Até que os cinquenta minutos de pensamentos forçados foram bruscamente interrompidos por outra informação: “senhores passageiros, infelizmente, o problema é um pouco mais sério e teremos de trocar de aeronave”.

O passageiro foi tomado pela quietude de seu levantar de sobrancelhas. Fique quieto, a perplexidade sussurrava. Pouco durou. O barulho surdo que nada dizia vagarosamente foi voltando, até ficar mais forte, e, dessa vez, não era mais a menina chata da mãe com o travesseiro.

O que mais o impressionara nem fora o transtorno de trocar de aeronave, mas aquela revelação: “o problema é um pouco mais sério”.

Sempre é.

7 comentários:

Ricardo Ferreira disse...

!!!
Acho que três pontos de exclamação expressam bem meu encanto pelo texto.

Vinícius Rennó disse...

Realmente. Sempre é assim com aviões, aeroportos e agências aérias.

Pena que não vieste pra Viçosa para o EMEL. Foi um evento e tanto! Se quiser, conto-te os detalhes por email.

Beijo! =*

Dom Ramon da Bolandeira disse...

Com o meu pensamento sempre voltando para o lado caótico e pessimista da vida, torci muito para que o voo acabasse com uma explosão ou algo do tipo. Não por ser sádico ou cineasta americano, mas pra gente não reclamar da imprevisibilidade de Chronos ou da astúcia de Hades.

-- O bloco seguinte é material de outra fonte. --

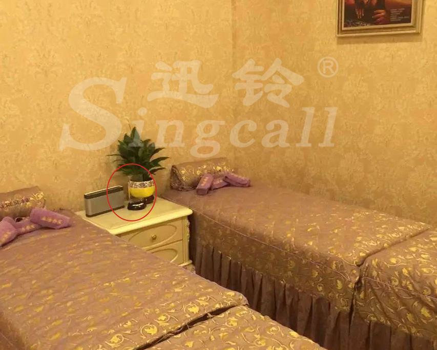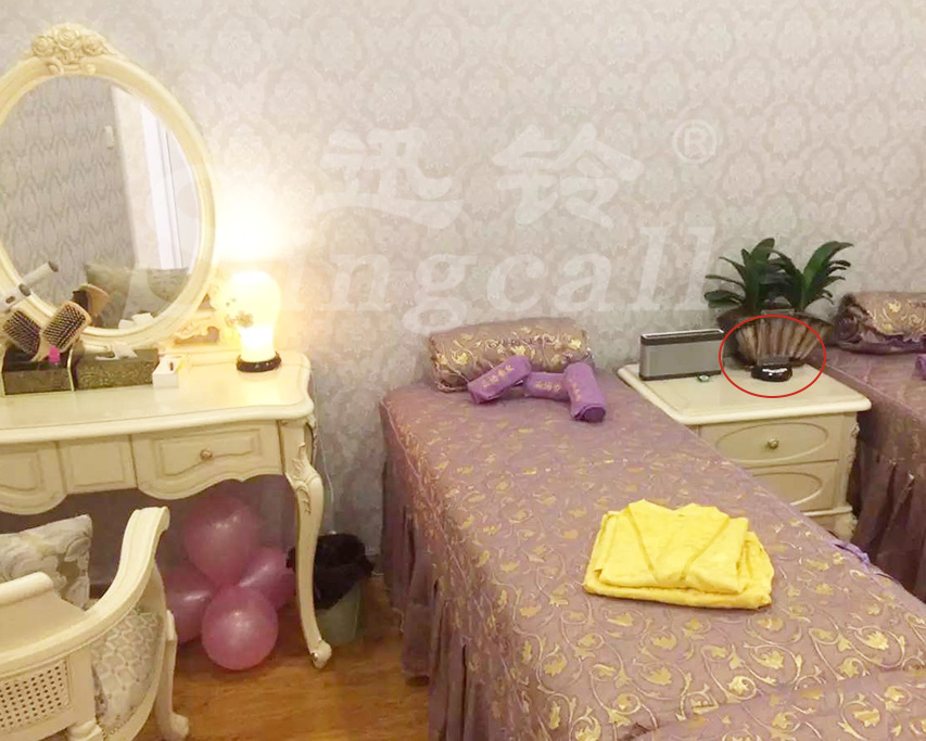 具體應(yīng)用:APE930彩燈臺卡呼叫器配備在按摩床一旁,當(dāng)顧客按下按鍵,帶廣告宣傳功能的水晶插板會發(fā)散出炫彩、夢幻的藍(lán)色燈光,美輪美奐。同時,簡約、時尚的屏顯小主機(jī)SC-R15安裝在吧臺,當(dāng)客人有服務(wù)需求按下呼叫器時,吧臺服務(wù)人員便可快速通過主機(jī)接收到信息,準(zhǔn)確、快速的為顧客提供服務(wù),讓顧客在接受健康、專業(yè)的服務(wù)時 ,也盡享放松、舒適的休閑環(huán)境。

Infelizmente (ou felizmente) nunca tive contato com aeroportos para que eu comungasse das mesmas angústias de nosso amigo aí do post.

Até a próxima =)

Cléu Sampaio disse...

Eu fiquei preocupada com você, sumida do blog e de e-mail. Ia agorinha te escrever, daí passei aqui antes e vi que tinha texto; que bom :-)

GNews disse...

Olá, Kandy! Sauadades de você, das suas palavras e ensimanentos. Sabe que é uma curiosidade. Não sei como me sentirei na primeira viagem com estes grandões, vai saber! Coitado, aturar qualquer Aline não é para qualquer um. Adorei o texto! Beijos!
Tenha muitas alegrias.
T+

Gabrielle Andrade

rafael fermiano disse...

medo!!

[]'s

Gisa disse...

Olá Kandy, estou passando para avisar que acabo de postar a matéria 'sobre blogue de cultura'.
Espero que goste do resultado. E mais uma vez, muito obrigada.